Everything is magnified, exaggerated:
the boulevards, the gates, the Magnolia trees with
pink flowers, the size of a baby's head.
II)
Paris, wears improbable
beauty like a super model,
tilts her head coquettishly, fans
her dresses in the lime light,
her gardeners chase
rebellious leaves
that digress from the design.
III)
Beauty, here, is contagious, moistly airborn,
it spreads down acute and obtuse angles of streets,
as if the architects of Paris have all taken an oath:
never to create a right angle,
which is a common, vulgar form.
The wrought iron latticework,
made in flowers, ruffle and frills.
Here, even the protest mellows
and the graffiti on the walls rivals
modern works of art at the Pompidou Center.
IV) Hotel des Invalides (Napoleon's tomb)

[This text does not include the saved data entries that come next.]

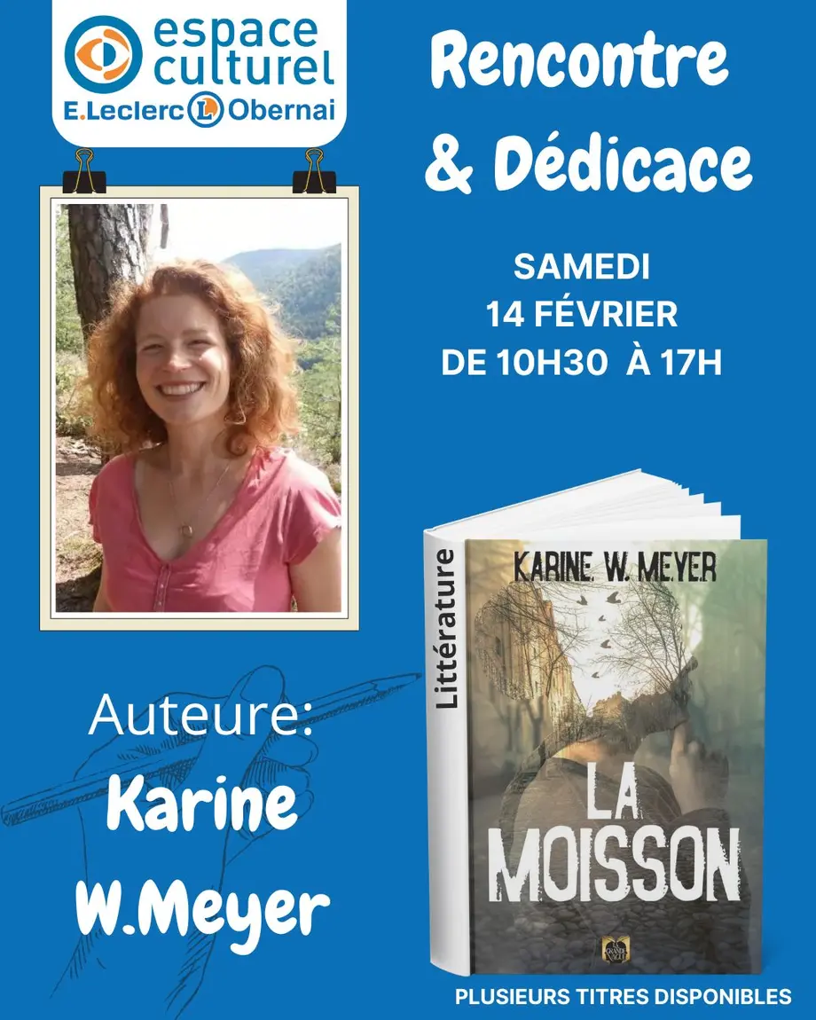Le samedi 14 février dès 10h30 venez rencontrer l'auteure Karine W.Meyer qui se fera un plaisir de vous parler de son nouveau roman LA MOISSON.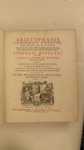 Comoediae undecim Graece et Latine (...) notis (...) Stephani Bergleri (...) Caroli Andreae Dukeri (...) [ed.] Petrus Burmannus Secundus. Important annotated ed. Engr. vignette on titles. Titles in red & black. Armorial bookpl. Mark Masterman...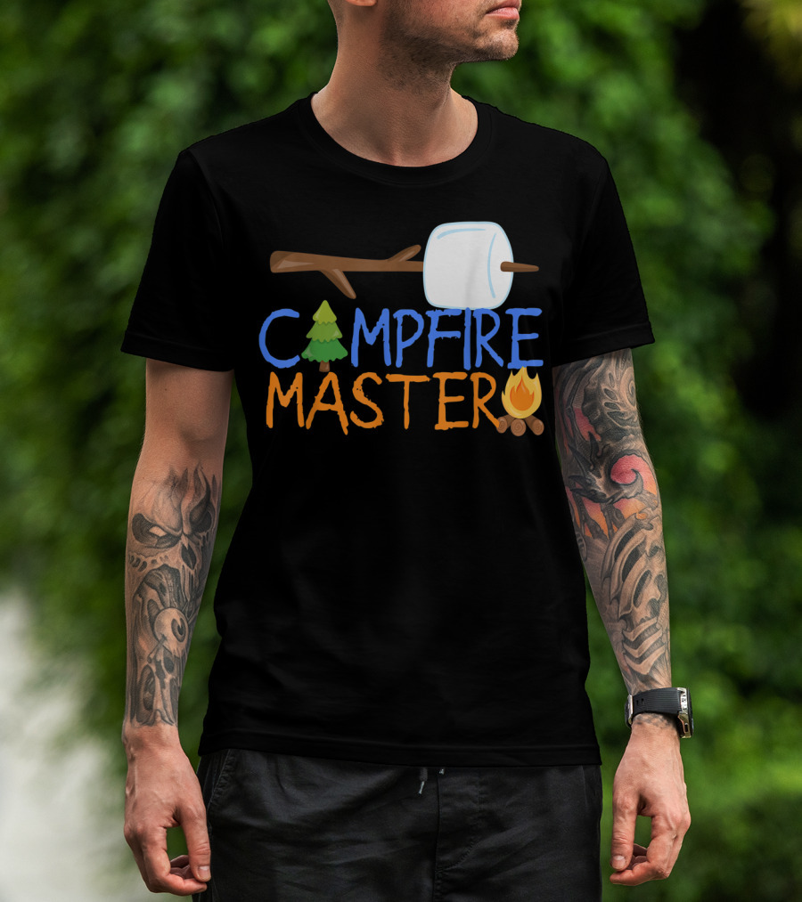 The Campfire Master Dad Camping S'Mores Bonfire85 T-shirt is designed for everyday wear and a consistent fit. Fabric is pre-shrunk ring-spun cotton with durable stitching. See the size chart below for exact measurements.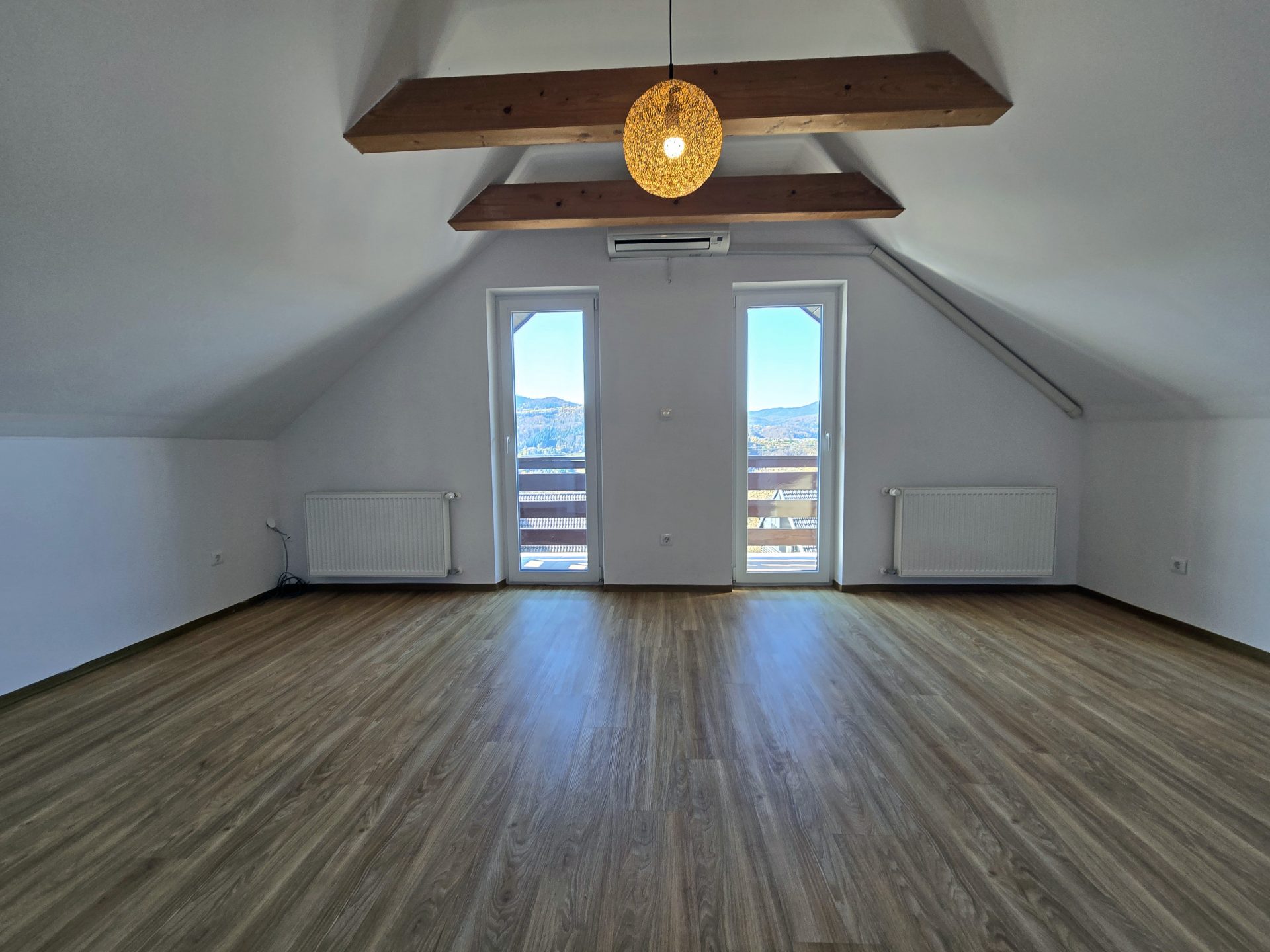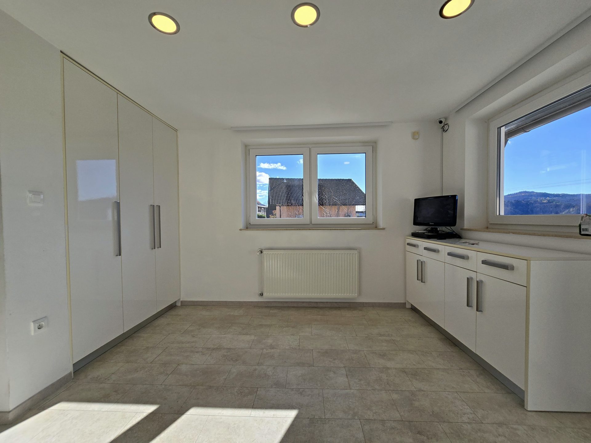 The house is spread across three levels. The ground floor comprises a garage for one vehicle, a larger multi-purpose room suitable for a gym, hobby area, or guest suite, a separate WC, and a boiler room. On the first floor, which also serves as the main entrance to the house, there is a welcoming entrance hall leading into a bright and airy living room with dining area and access to a spacious balcony. This level also includes a fully equipped kitchen with pantry, a bedroom, and a bathroom with shower.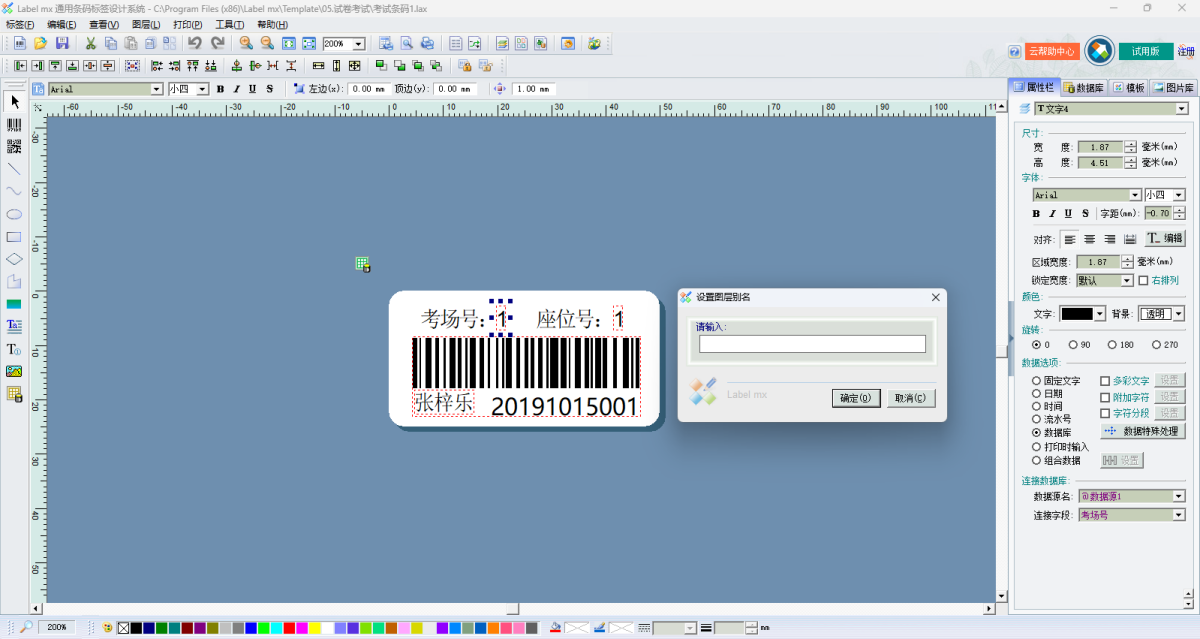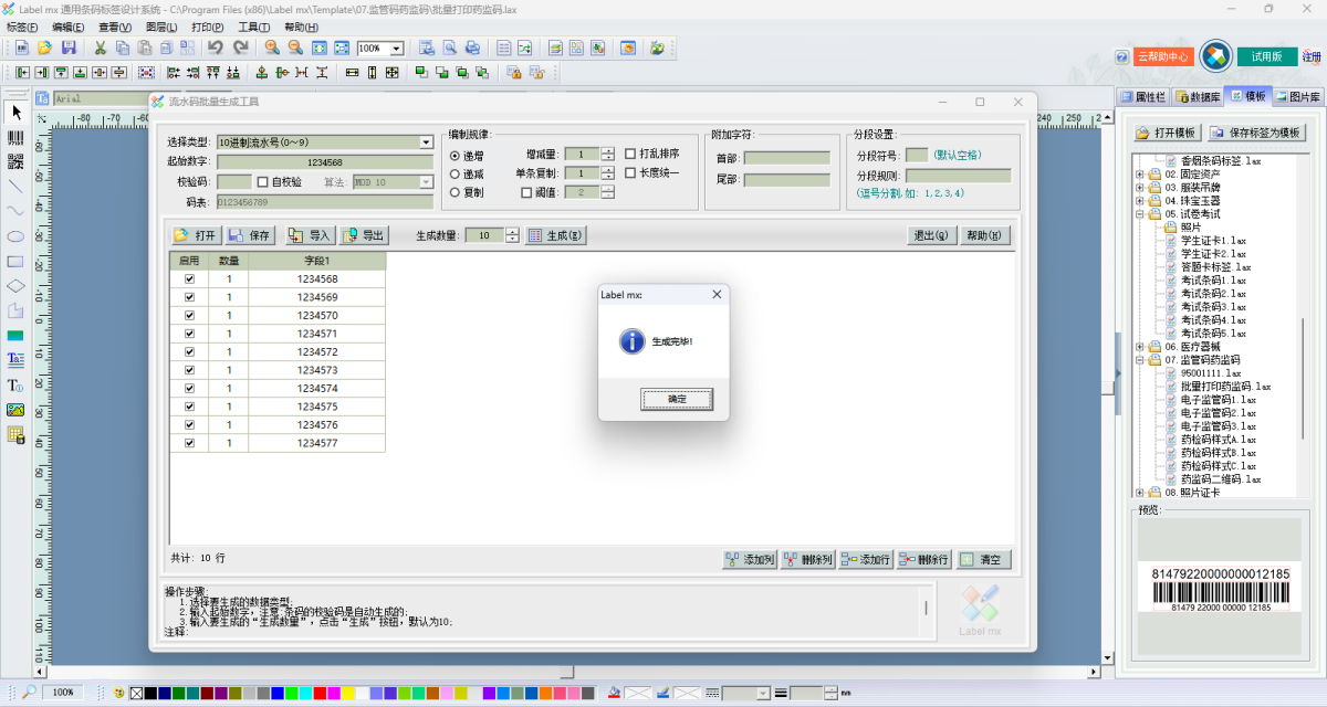 5.支持根据数据库字段里设置的“数量值”来生成打印对应数量的标签;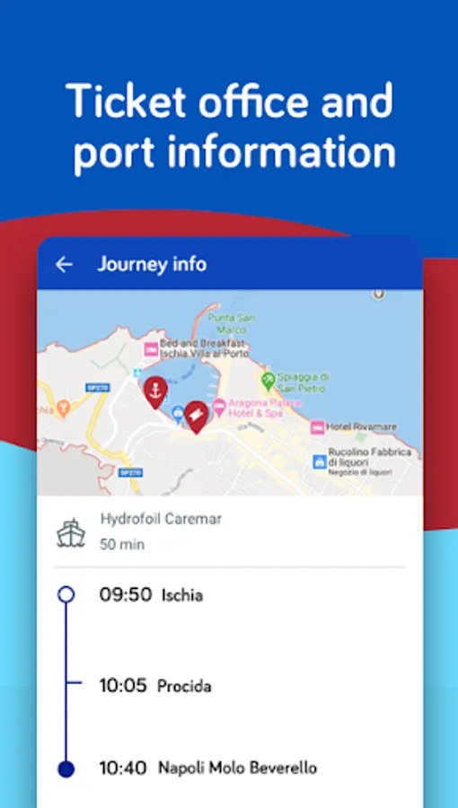 Gulf of Naples: Casamicciola Terme, Forio, Ischia, Monte di Procida, Napoli Molo Beverello, Napoli Porta di Massa, Napoli Mergellina, Pozzuoli and Procida.

"Delusion of grandeur" is redefined
in the massive marble coffin,
five Goliaths high and wide, made for
the corpse of one tiny emperor.
Above the coffin rises a golden dome, painted
sky blue with hovering cherubim, as if
the emperor had wished to establish his own
private entrance to the gates of heaven.
V) Chateau de Chambord
They say that Leonardo De Vinci himself
designed the double staircase as a spiral DNA.
The faces of the people going up and down
reflect in the square windows,
facing each other. The image of self forever
going up and down the ladder of life,
in the company of all the other angels,
just different aspects of you. Then
you look down, dizzy with height, you
see the stone under Jacob's head:
he's wearing your face.
VI)
Echoes of distant thunders roll down
the frozen marble halls, like the beat
of heavy-booted feet. Roaring peasants
once charged this empty shell of grandeur,
their faces knotted in fear and rage,
hearts toughened by the plough, intoxicated
with the pleasure of erasing
the haughty smile of their noble lord.
Under darkened sky the thunders chant
the holy trinity:
egalite, fraternite, liberte.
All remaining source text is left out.